▶ AIM OF THE TASK:
The material below has pictures in it. Set down only the lines from the line containing "3、关于开发侧重点,如果选对,下一次开发的时候数字会变为绿色,增加游戏的评分。" through the line containing "Womens Boho Shirts", word for word, and leave the pictures behind.

▶ GIVEN INFORMATION:
◆ ◆ ◆ ◆

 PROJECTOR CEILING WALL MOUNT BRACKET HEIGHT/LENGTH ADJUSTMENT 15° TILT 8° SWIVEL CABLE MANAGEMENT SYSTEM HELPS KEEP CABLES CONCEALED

◆ ◆ ◆ ◆

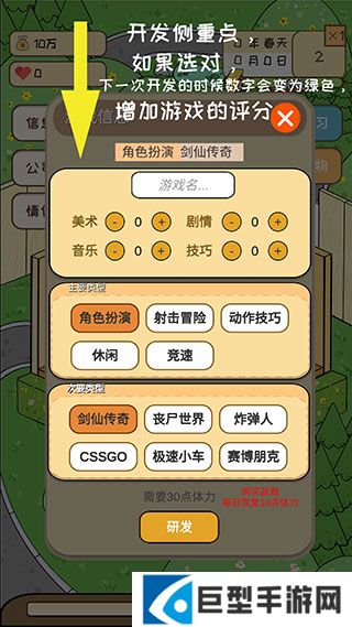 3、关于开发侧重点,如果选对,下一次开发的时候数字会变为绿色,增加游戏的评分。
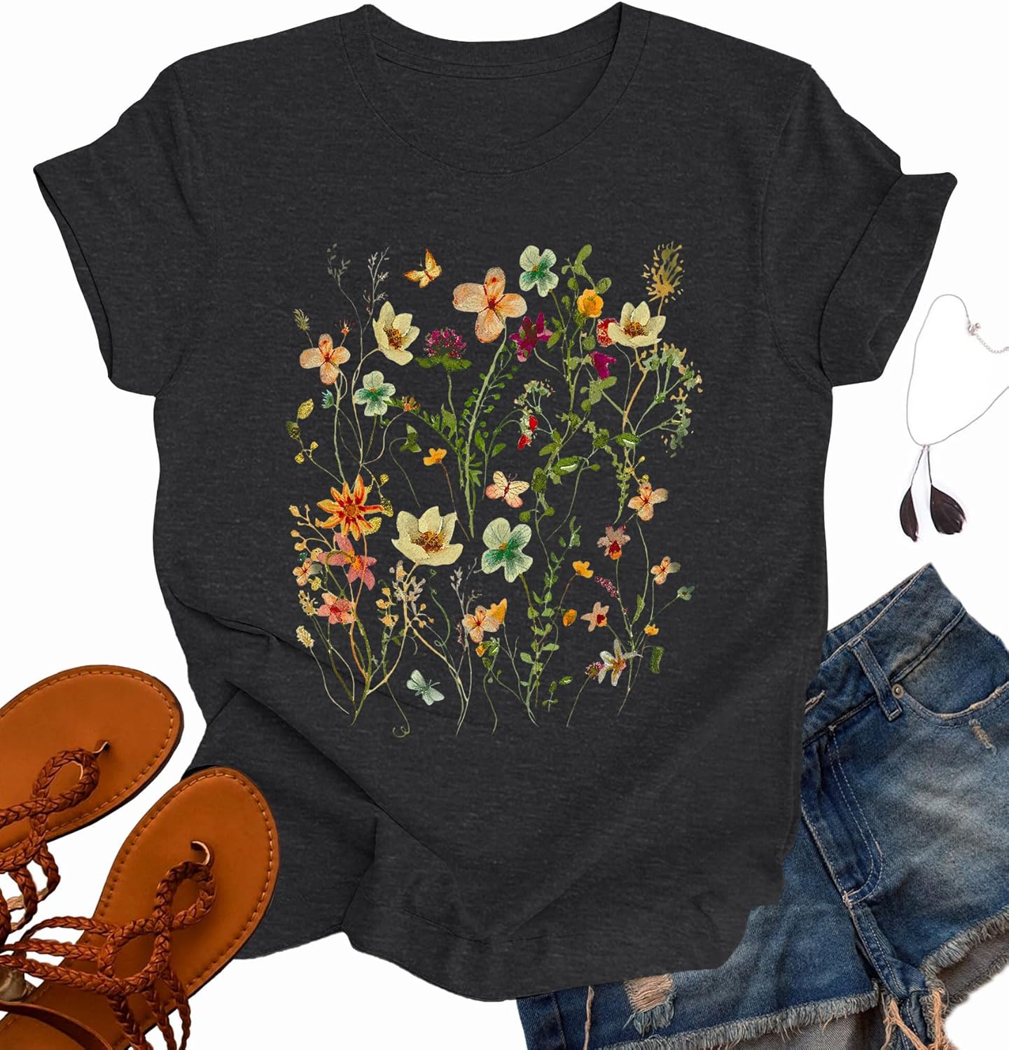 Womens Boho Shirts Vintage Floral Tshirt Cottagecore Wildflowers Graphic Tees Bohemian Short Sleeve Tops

◆ ◆ ◆ ◆

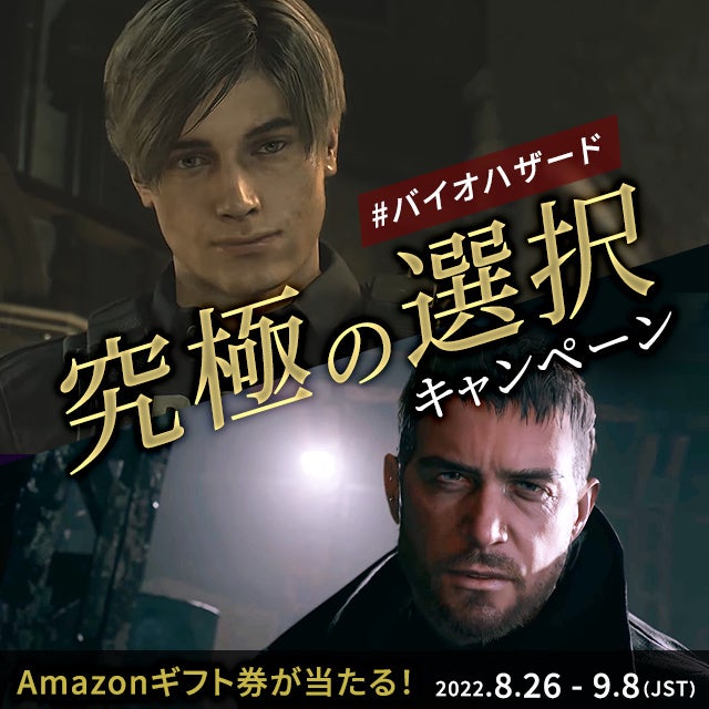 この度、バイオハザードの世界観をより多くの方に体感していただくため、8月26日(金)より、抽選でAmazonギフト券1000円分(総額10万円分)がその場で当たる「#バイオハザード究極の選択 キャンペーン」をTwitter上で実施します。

◆ ◆ ◆ ◆

▶ RESULT:
 3、关于开发侧重点,如果选对,下一次开发的时候数字会变为绿色,增加游戏的评分。
 Womens Boho Shirts Vintage Floral Tshirt Cottagecore Wildflowers Graphic Tees Bohemian Short Sleeve Tops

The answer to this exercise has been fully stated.